What Chris Paine's documentary presents is a pattern of greed that systematically clobbered the industries and communities involved with electrically powered and alternative fuel vehicles, and turned Los Angeles into a key hub of car culture and oil dependence.
Never mind that electric cars existed, alongside steam and oil powered vehicles, during the automobile's infancy; as Who Killed the Electric Car? reveals, the destruction of electrically powered public transportation vehicles - like Los Angeles' huge streetcar system - came from a mess of corporate conspiracy that happened so fast and slickly that local governments were unable to repair the damage long after charges were laid against members of the oil and auto industry: rails had already been torn out, streetcars had already been turned into scrap, and cities had nothing but cars and GM-built buses to move people from place to place.
What's truly disheartening about the saga of the GM-built EV1 electric car is how the company completely removed all traces of the product after its touted debut. Unlike the Tucker automobile, the cars were never wholly sold to customers, but leased; and with GM retaining ownership, every car had to be returned upon demand, after which its eradication began by being flattened and ground up into a metallic mulch until snooping reporters managed to get snapshots of GM's surreptitious activities, and desperate former owners demanded to know why they simply couldn't buy the damn car.
The reasons according to the doc's director were somewhat messy: GM never expected (or wanted) the car to succeed, and had the misfortune of establishing a great band of technicians who designed a car so smart and efficient, auto mechanics made little money from replacing parts, because the key pieces that make money –like mufflers – didn't exist on the EV1. A solidly built car was counter-productive to the auto industry's bread and butter parts business, so the machine was marketed using a ridiculously arty campaign that obfuscated its practical and attractive qualities, and made it seem faddish. That yielded low sales, and justified the cancellation of the electric car project in one fairly rapid swoop.
Critical lobbyists heaped bales of misinformation even when the car proved itself useful for local trips, and its second wave of batteries were found to be superior to the more problematic first batch.
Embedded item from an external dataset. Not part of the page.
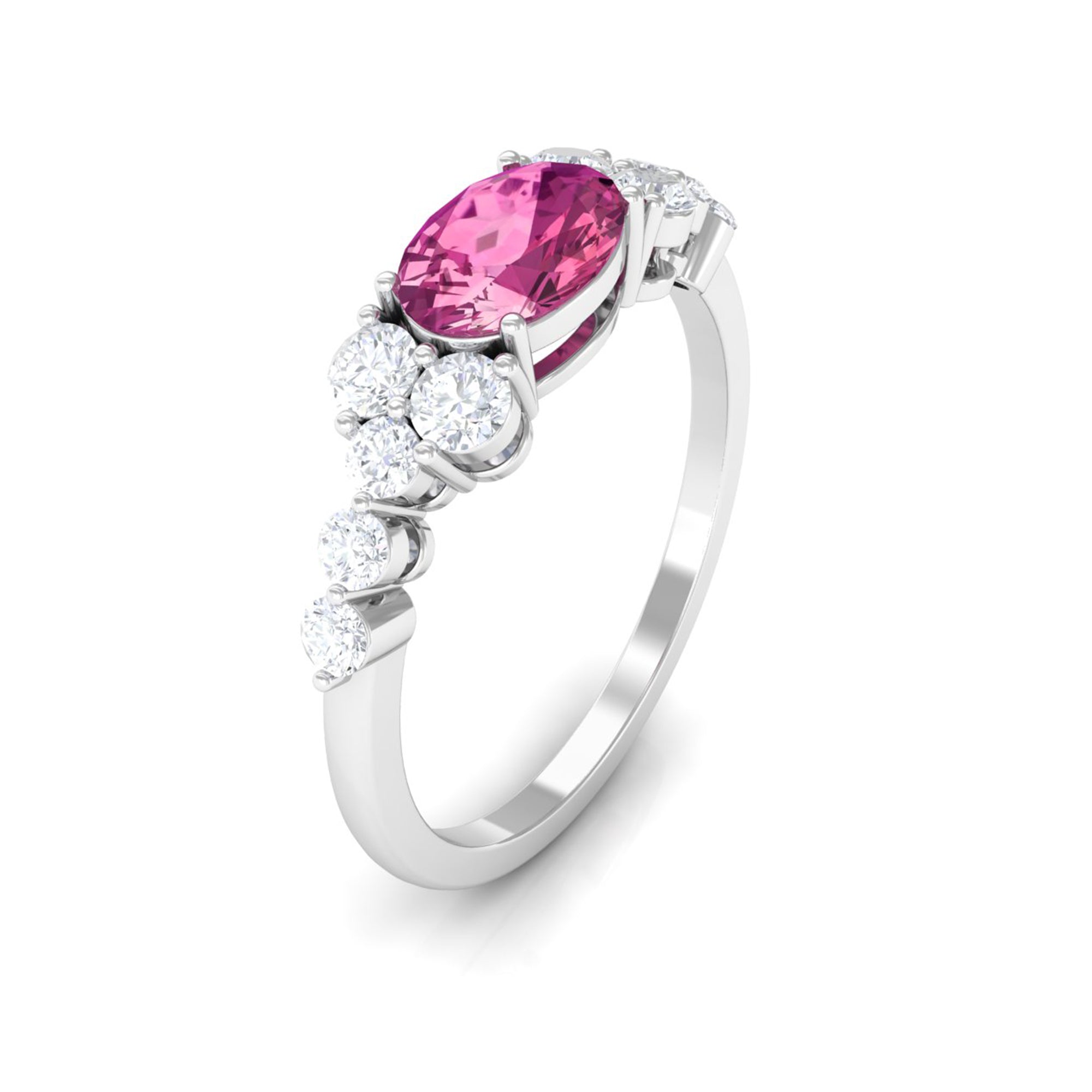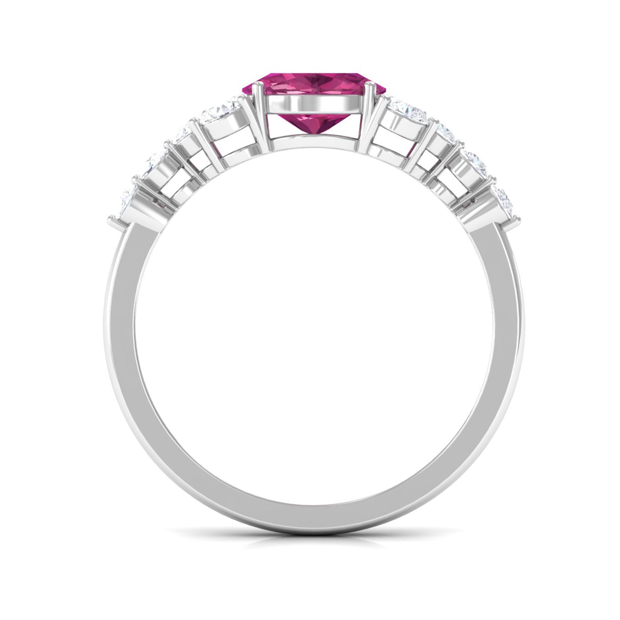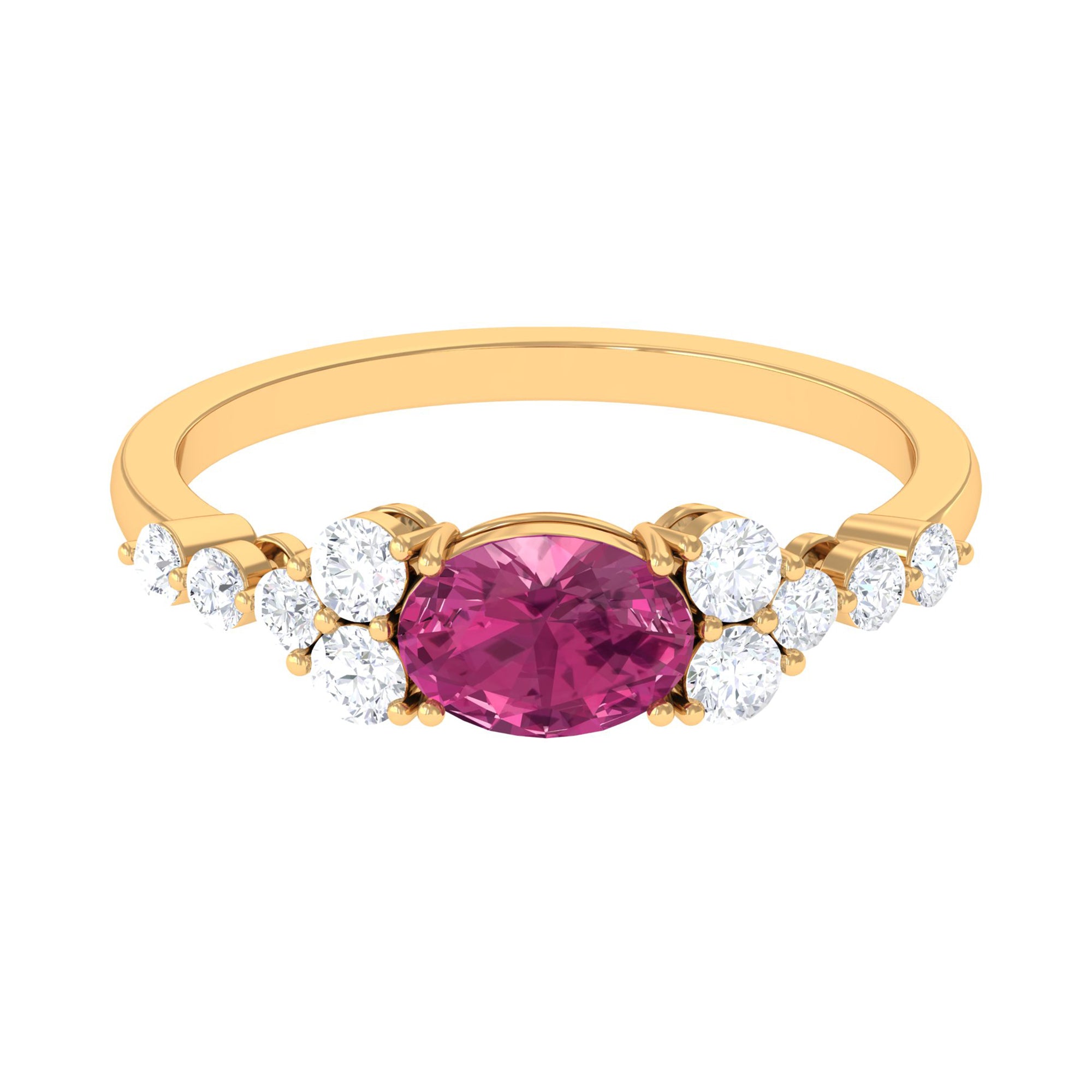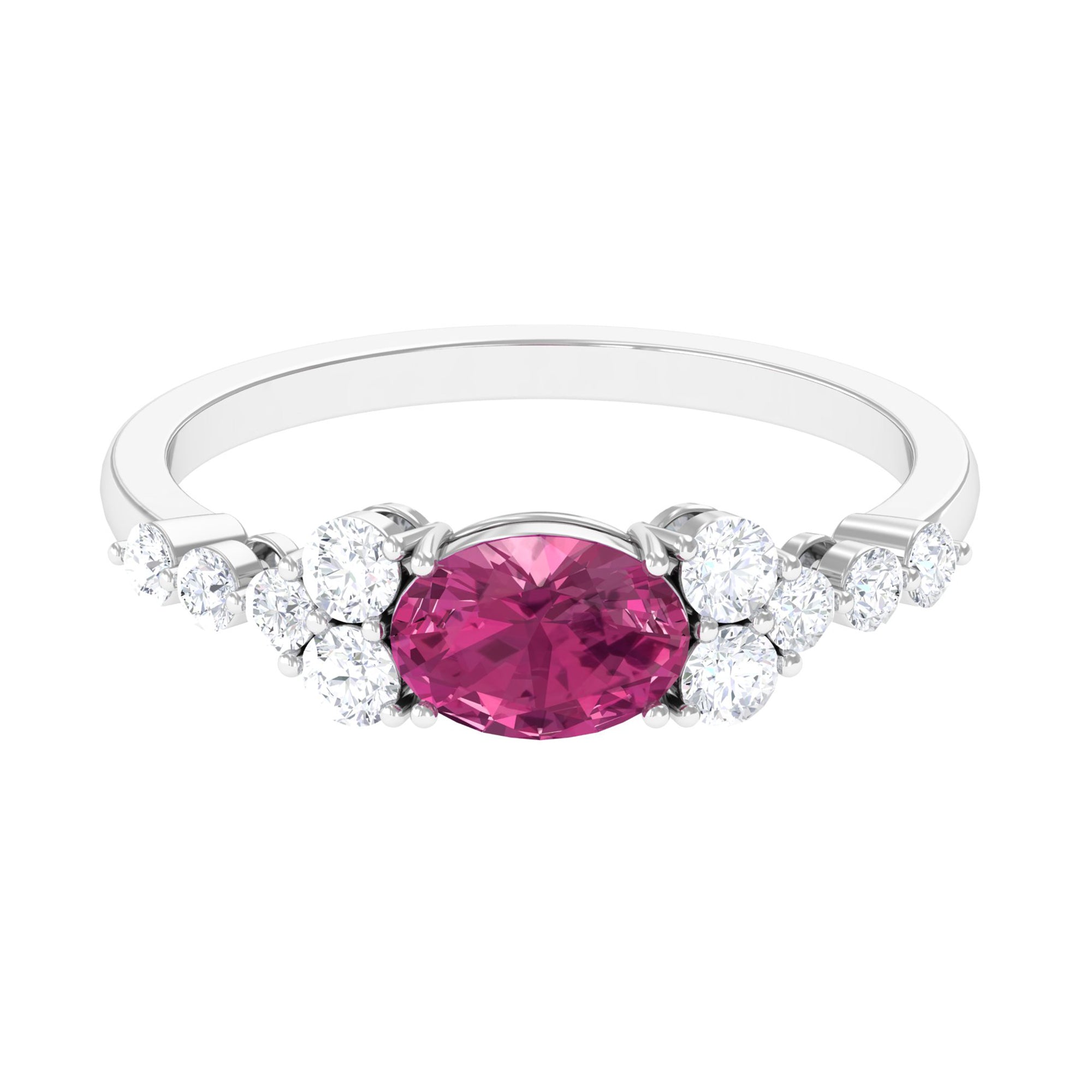 Pink Tourmaline Solitaire East West Ring with Diamond Side Stones

Add local governments who bent under corporate pressure, unrealistic deadlines for California's zero emissions plan (ZEV), and the car was legislated from a mandatory alternative fuel vehicle to a loser product and automotive joke.
Director Paine pointedly examines the various perceptions, misinformation and documented facts about electric technology and the auto industry's current arguments for hybrid cars and trendy funding of ethanol and hydrogen fuel cells, and he closes the doc with what may be the most indignant act ever perpetrated on a modern car: donated by GM to the Petersen Automotive Museum, the last EV1 is now a neutered invention that's a mere 10 years old, housed in a concrete vault, were it'll never been seen by anyone except a security guard or curator.
(The EV1's saga oddly recalls the tragic Avro Arrow program which was officially scrapped by the Canadian government in the fifties because of costs, with every blueprint and plane ordered destroyed. Whether it was out of fear that the designs might be stolen or copied, it just seems intolerable that a mass-produced invention like the EV1 wasn't allowed to survive, even as fully functional museum pieces.)
Parallel to this story – and further detailed in a separate deleted scenes gallery – is the Think car, which Ford imported from Norway and had also planned to erase due to low sales, until protestors embarrassed the company, and U.S. owners were allowed to buy the cars, with the remaining cars shipped back to Norway.
Additional deleted scenes offer some longer shots and extra interview material, but the most poignant remains a snippet with Chelsea Sexton, who visits the last EV1 in the auto museum, and is saddened that a sophisticated machine she helped create has been shuttered like a fossil in a museum drawer.
The film's director also drove an EV1, and before surrendering the vehicle to GM, he took a camera crew and shot footage showing the car in action, and while the montage is too commercially slick and brief to satisfy car fans, it's one of the few independent records of the car in use before it was erased from the history books.
Additional footage of the car also appears in the featurette “Jump-Starting the Future,” which assembles several of the film's experts and filmmakers, including the director, executive producer Dean Devlin, and actors Peter Horton for a postscript to alternative fuel vehicles created after the EVI's desmise, and the current state of electric cars.
For car fans, it's perhaps one of the greatest tragedies in automotive history, and certainly outlines the events that helped in the furthering of urban sprawl, as subsequently examined in the recent Canadian doc, The End of Suburbia.